Creating a New Web Fabric
Step 3: Now give it some time. Remember this is not merely a simple virtualized instance of an operating system. What is now happening is a Cloud Foundry environment is being built, Iron Foundry is also added & other enhancements are being applied and built. This then creates an entire Tier 3 Web Fabric that can be used with any of the following tools, languages, and databases.
A few of the languages and frameworks…
Ruby on Rails or Sinatra
ASP.NET w/ whichever .NET Language, it could be C#, VB.NET, or .NET COBOL if you so felt inclined to build a web application with it.

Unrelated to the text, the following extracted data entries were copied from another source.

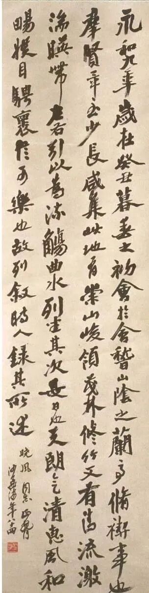 钤印:沙孟海(朱文)、於越频海之民(白文)沙孟海《节录兰亭序轴》 1983年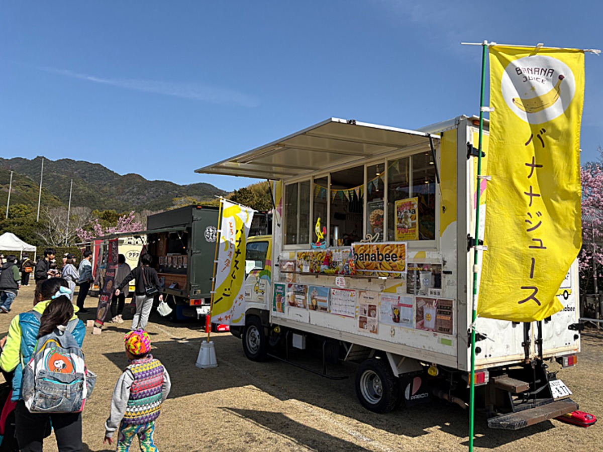 キッチンカーは、バナナジュースや肉丼、唐揚げやポテト、ピザなどが出ており、どれも美味しそうで迷います。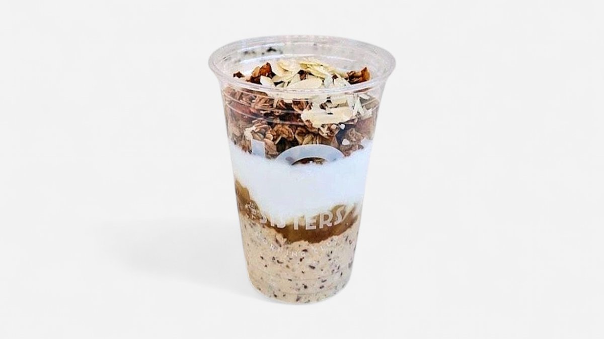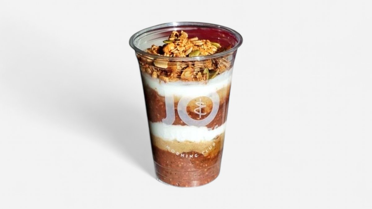 domaće mlijeko od indijskog oraha, zob, mljeveni lan, chia, protein vanilja, sirovi kakao, domaći karamel od datulja, slani kikiriki, kokos jogurt, domaća granola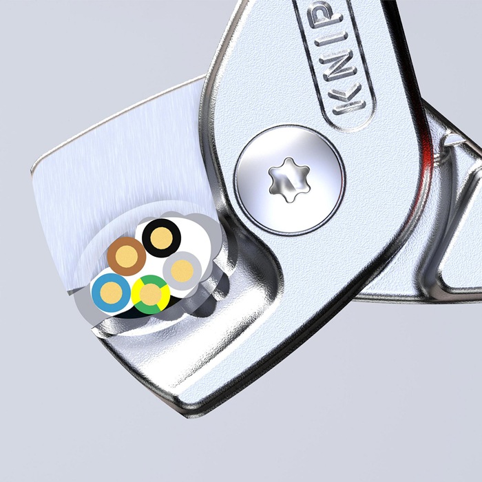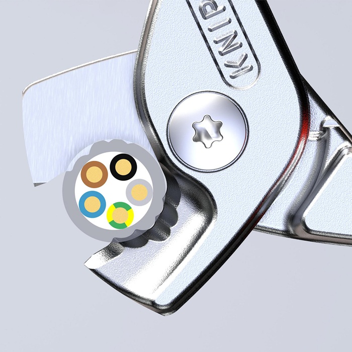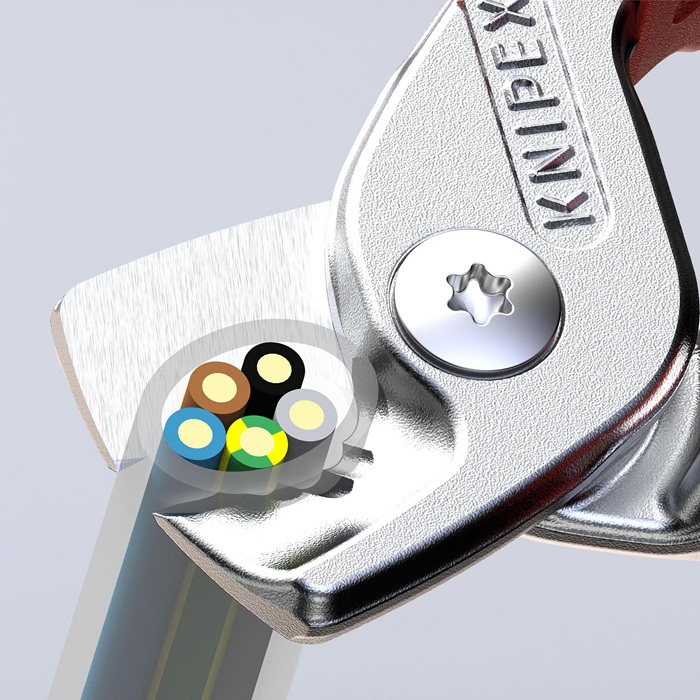 schneidet bis zu 40% leichter als Standard-Kabelscheren gleicher Länge · durchtrennt Adern oder Litzen durch abgestufte Klingen nacheinander · schneidet Cu- und Al-Mehrleiterkabel feinadrig bis Ø 15 mm (50 mm²) und massive Cu- und Al-Kabel bis 5 x 4 mm² · leichter, sauberer Schnitt ohne zu quetschen · gehärtete Schneiden mit Präzisionsschliff · Klemmschutz · nicht für Stahldraht und hartgezogene Kupferleiter geeignet · Spezial-Werkzeugstahl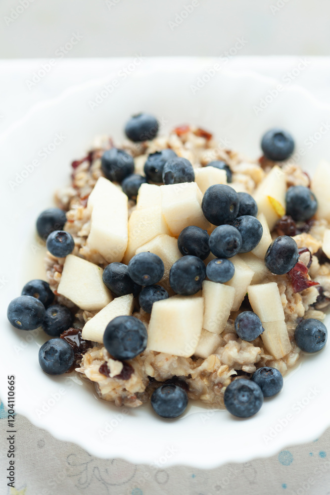 Delicious and healthy oatmeal breakfast bowl topped with fresh blueberries and diced pears.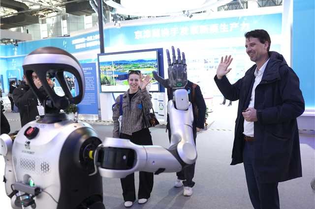 Participants interact with a 6G-enabled remote-controlled robot at the 2026 Zhongguancun Forum (ZGC Forum), which opened in Beijing on March 26. [Photo by Zou Hong/chinadaily.com.cn]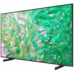 تلویزیون سامسونگ DU8000 سایز 85 اینچ از جمله تلویزیون های 2024 و سری 8 سامسونگ محسوب می شود. این تلویزیون با مدل کامل UA85DU8000UXTW مونتاژ مصر و همینطور با مدل کامل UA85DU8000UXZN مونتاژ مصر وارد بازار ایران شده و موجود شده است. این تلویزیون جزو ارزان ترین تلویزیون های کریستال 4K سامسونگ و همینطور یکی از ارزان ترین تلویزیون های گیمینگ با ابعاد بزرگ در سال 2024 است. تلویزیون کریستال سامسونگ 85DU8000 به تکنولوژی کریستال مجهز است و به همین دلیل به تلویزیون کریستالی شناخته می شود. در واقع این تلویزیون دارای صفحه نمایش ال ای دی است اما چون تکنولوژی Crystal دارد به آن تلویزیون کریستالی گفته می شود. این تلویزیون دارای نور پس زمینه Edge LED است. در این نوع نور پس زمینه چراغ های ال ای دی در اطراف صفحه نمایش تعبیه شده اند. این نوع نور پس زمینه عموما در تلویزیون های ارزان قیمت و پایین رده مورد استفاده قرار می گیرد تا هزینه ساخت کاهش یابد و قیمت نهایی تلویزیون نیز کم شود. سامسونگ این تلویزیون را برخلاف مدل سال گذشته آن به پنل IPS مجهز کرده است. پنل IPS عمق رنگ مشکی و کنتراست تصویر به نسبت ضعیف تری ارائه می دهد اما از نظر زاویه دید کمی بهتر از تلویزیون های پایین رده ای است که پنل VA دارند. با توجه به الگوریتم جدیدی که سامسونگ امسال برای کنترل نور پس زمینه در این تلویزیون بکار برده، کنترل نور پس زمینه دقیق تر و بهتر انجام می شود. این موضوع باعث می شود تا صحنه های تاریک بهتر نمایش داده شوند و شاهد کنتراست تصویر بهتر، یکنواختی مشکی صفحه نمایش بهتر و همینطور بلومینگ تصویر به نسبت کمتر باشیم. به طور کلی این تلویزیون به نسبت مدل سال گذشته خود برای تماشا در محیط تاریک گزینه بهتری است. متاسفانه این تلویزیون تکنولوژی Local Dimming ندارد و نمی تواند نور پس زمینه قسمت های مختلف صفحه نمایش را به صورت مجزا کنترل و تنظیم کند. البته این موضوع در تلویزیون های پایین رده ای مانند این تلویزیون کاملا طبیعی است و ما نیز انتظار زیادی از آن نداریم. سامسونگ برای جبران این موضوع از تکنولوژی UHD Dimming در این تلویزیون استفاده نموده تا به صورت نرم افزاری کنتراست تصویر بهتری در اختیار شما قرار دهد. این محصول دارای سنسور نور و قابلیت Brightness Detection است و در صورتی که آن را فعال کنید، نور صفحه نمایش با توجه به شرایط نوری محیط به صورت اتوماتیک تنظیم می شود تا همیشه بهترین کیفیت تصویر را تجربه کنید. صفحه نمایش این تلویزیون از عمق رنگ 10 بیت (8 بیت + FRC) برخوردار است و به کمک تکنولوژی One Billion Color توانایی نمایش حدود 1 میلیارد رنگ مختلف را دارد. همینطور دارای تکنولوژی Dynamic Crystal Color است و رنگ های جذابی نسبت به تلویزیون های ال ای دی معمولی تولید می کند. متاسفانه خبر بد این است که این تلویزیون نسبت به مدل سال گذشته خود از نظر رنگ کمی پسرفت داشته است و رنگ ها در این تلویزیون کمی بی روح تر و به اصطلاح کال تر هستند. این موضوع زمانی که این دو تلویزیون را در کنار هم مقایسه کرده و محتوای یکسانی را روی آنها پخش کنید، ملموس است. سامسونگ امسال یک قابلیت جدید با عنوان قابلیت Color Booster در این تلویزیون تعبیه نموده است و به شما اجازه می دهد تا غلظت رنگ را به دلخواه خود تنظیم کنید. صفحه نمایش این تلویزیون برخلاف سایزهای کوچک تر خود از رفرش ریت 120 هرتز برخوردار است و توانایی نمایش محتوای 4K با فریم در ثانیه را دارد. این محصول به کمک تکنولوژی Motion Rate 240 صحنه های سریع را واضح و صاف نمایش می دهد و تا حد زیادی از تاری آنها جلوگیری می کند. زمان پاسخگویی تصویر این تلویزیون نسبت به مدل سال گذشته آن مقدار زیادی کاهش یافته است و این موضوع در کنار پردازش بهتر صحنه های سریع باعث شده تا صحنه های سریع دقیق تر و بهتر نمایش داده شوند؛ به همین دلیل این محصول می تواند گزینه خوبی برای گیمرها و همینطور علاقمندان به سینما باشد. این تلویزیون تکنولوژی Picture Clarity نیز دارد و به شما اجازه می دهد تا با توجه به محتوای در حال پخش و به دلخواه خود تنظیمات ن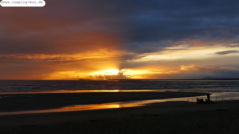 Es wundert uns immer wieder, dass hier im Winter an der westlichen Costa de la Luz Andalusiens fast alle touristischen Einrichtungen geschlossen haben im Gegensatz zu denen an der Algarve auf der anderen Seite der Grenze. Strandwanderer gibt es hier kaum, stattdessen Muschelsucher und Angler zu allen Tages- und Nachtzeiten. Wegen denen verzichten wir auch auf die freien Parkplätze in der ersten Reihe. Die Sicht auf Wellen und Meer ist so gut genug.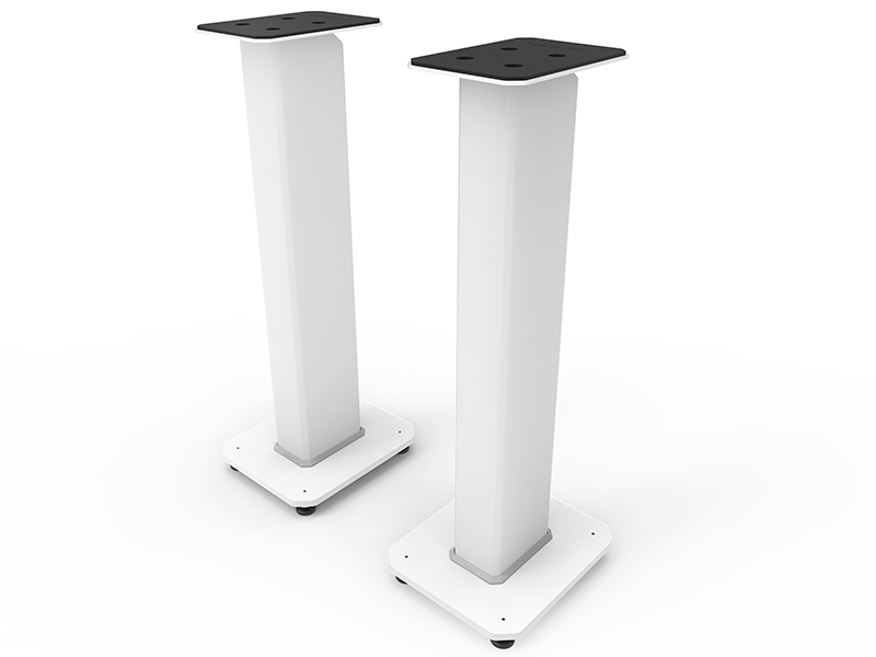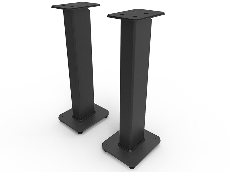 Stand da pavimento in acciaio verniciato a polveri. Altezza da terra 78cm. Compatibile con diffusori di medie e grandi dimensioni. Peso max diffusore 18Kg. Sistema di disaccoppiamento stand/pavimento. Passaggio dei fili nel gambo. Due top plate in dotazione (LxP): 13,3x16,5cm e 16,5x23,5cm con fori di fissaggio standard.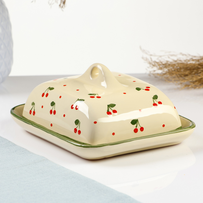 Маслёнка Доляна «Гранат», 17,2×12,4×8,5 см, цвет красный и белый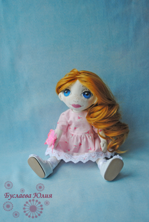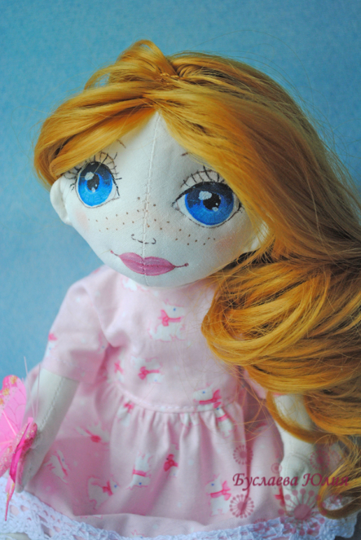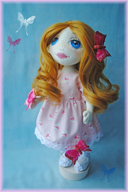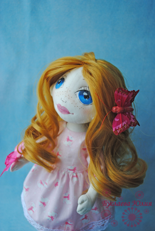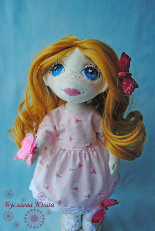 Захотелось сделать трогательную и нежную девочку с бабочками. Вот и получилась у меня рыжая Мишель. Одёжкой нагружать её не стала, поэтому одета она в нежно-розовое простое платьице.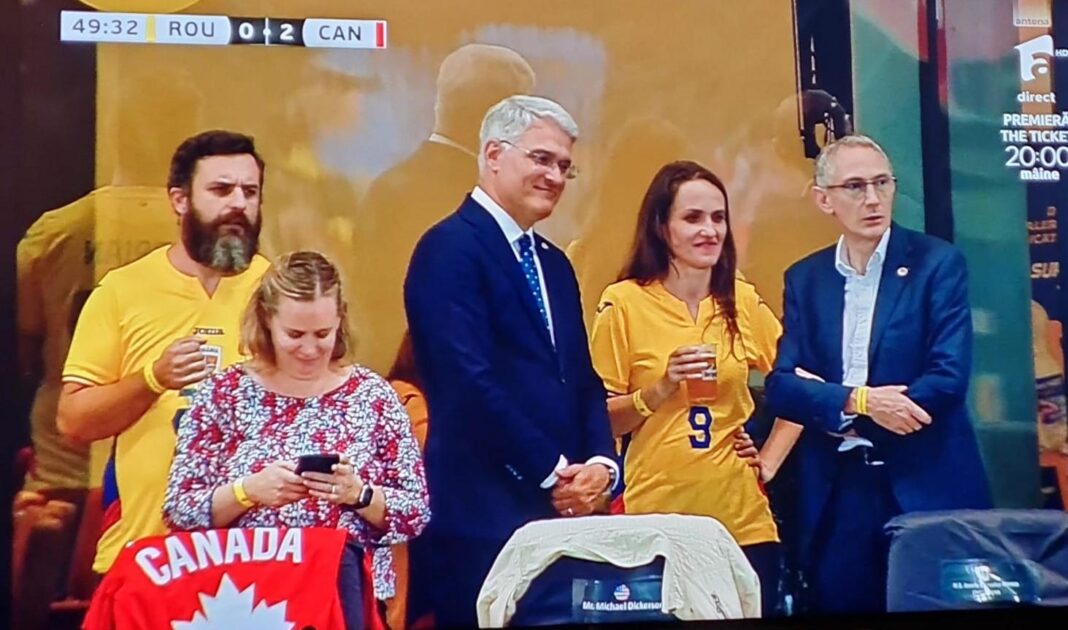 „Fotbalul ne aduce împreună! Adjunctul șefului misiunii, Alys Spensley, împreună cu ministrul afacerilor externe, Oana Țoiu, ambasadorul Mexicului în România, Amparo Anguiano și ambasadorul Canadei în România, Gavin Buchan se află în tribune, acolo unde echipa națională a României înfruntă Canada, într-un meci amical palpitant, în drumul spre Cupa Mondială FIFA 2026 – organizată în Statele Unite, Mexic și Canada”, a scris ambasada, vineri seară, într-o postare pe Facebook.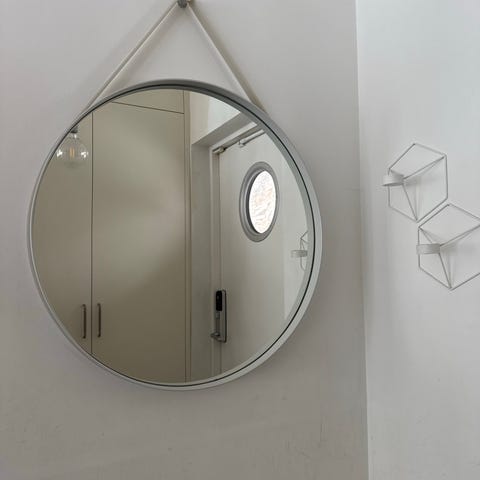 IKEA YPPERLIG rund spegel med hylla i vit färg. Kollektion med Hay. Spegeln har en rund form och är försedd med en liten hylla nedtill. Passar för användning i exempelvis hall eller badrum.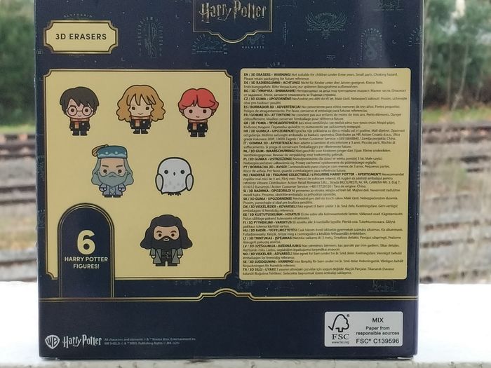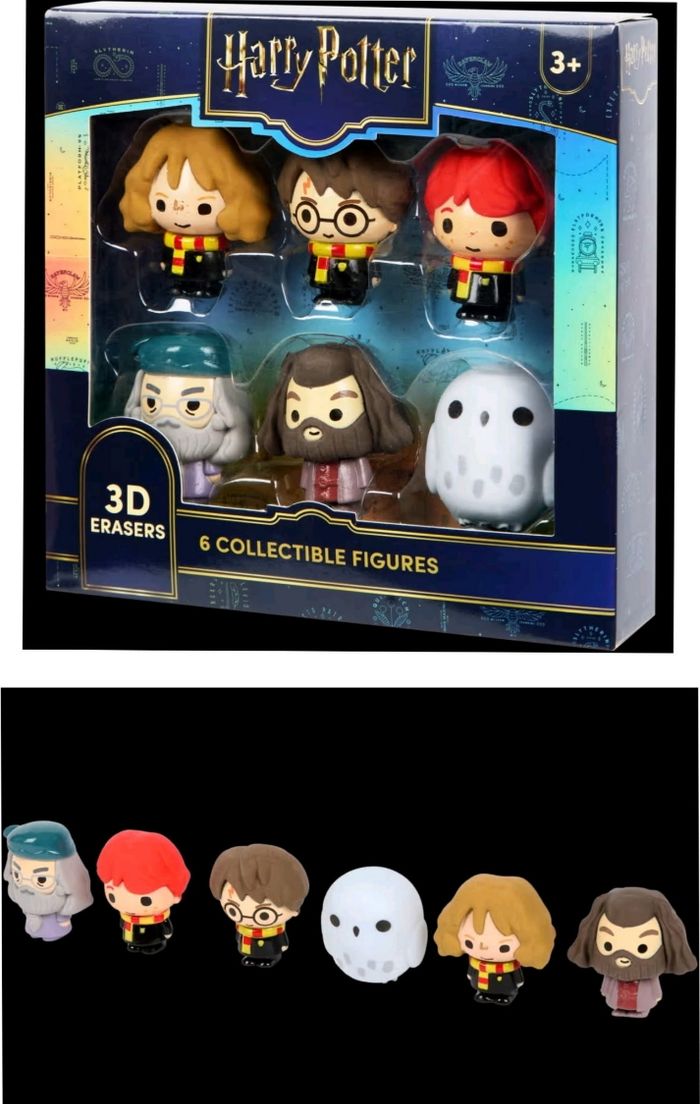 PLAISIR D'OFFRIR 🎁 COLLECTION HARRY POTTER 5 ANS +. MIXTE- Ce Coffret est le must pour tout vrai potterheard ! Et joliment présenté avec sa belle boîte fenêtre , parfait pour un cadeau. - COFFRET 3D ERASERS- 6 FIGURINES COLLECTOR GOMME. Produit Officiel Harry Potter. Faites entrer la magie de Poudlard dans votre quotidien avec ces 6 adorables figurines en gomme tridimensionnelle. Que vous les utilisez pour ranger votre bureau, ou que vous les ajoutiez à votre collection croissante, ce coffret enchantera à coup sûr ! Dans ce coffret 6 personnages cultes de la saga sont proposés : Harry Potter, Ron Weasley, Hermione Granger, Albus Dumbledore, Hagrid et Hedwige la chouette. Les gommes sont utilisables, mais la plus part préfèrent les conserver comme objet Collector. 🎁COFFRET À 8 € Un Cadeau l'original pour un fan ou collectionneur.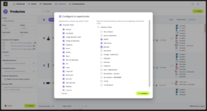 - Se abrirá un cuadro de diálogo donde vas a poder configurar la exportación seleccionando los campos que quieras incluir (nombre, descripción, categoría, marca, modelo, etc.).

Java w/ Spring and other options.
Node.js Nuff’ Said
Python
Of course the database services too…
MongoDB
MS SQL Server
vmWare PostGreSQL
Redis
These are just a few that are and will be supported in the coming days. The Cloud Foundry base provides a massively powerful core to build off of and extend services and frameworks.
For pushing applications to the Tier 3 Web Fabric, here are some tools to help with that…
vmc-IronFoundry :: This is the same thing as the vmc CLI that is part of the Cloud Foundry Project except that it adds support for .NET pushes from the command line too.
vmc :: this is the default way used by most people working with Cloud Foundry based PaaS Environments.
Cloud Foundry Explorer :: this can be used to view and push .NET applications to the Tier 3 Web Fabric (or any Iron Foundry enabled Cloud Foundry Environment)
Open Source Software, Iron Foundry and More…
In the coming days, weeks, and months I’ll be working with the team here at Tier 3 to drive more capabilities and features. In addition I’ll also be driving the Iron Foundry Open Source effort, pushing to extend what we’ve provided already with the .NET support extension on Cloud Foundry and also more. We here at Tier 3 love the open source community, and we love being part of the community. So with this announcement I wanted to add a big, huge, awesome THANKSto everyone out there passionately involved in and building software that is open source. You all ROCK!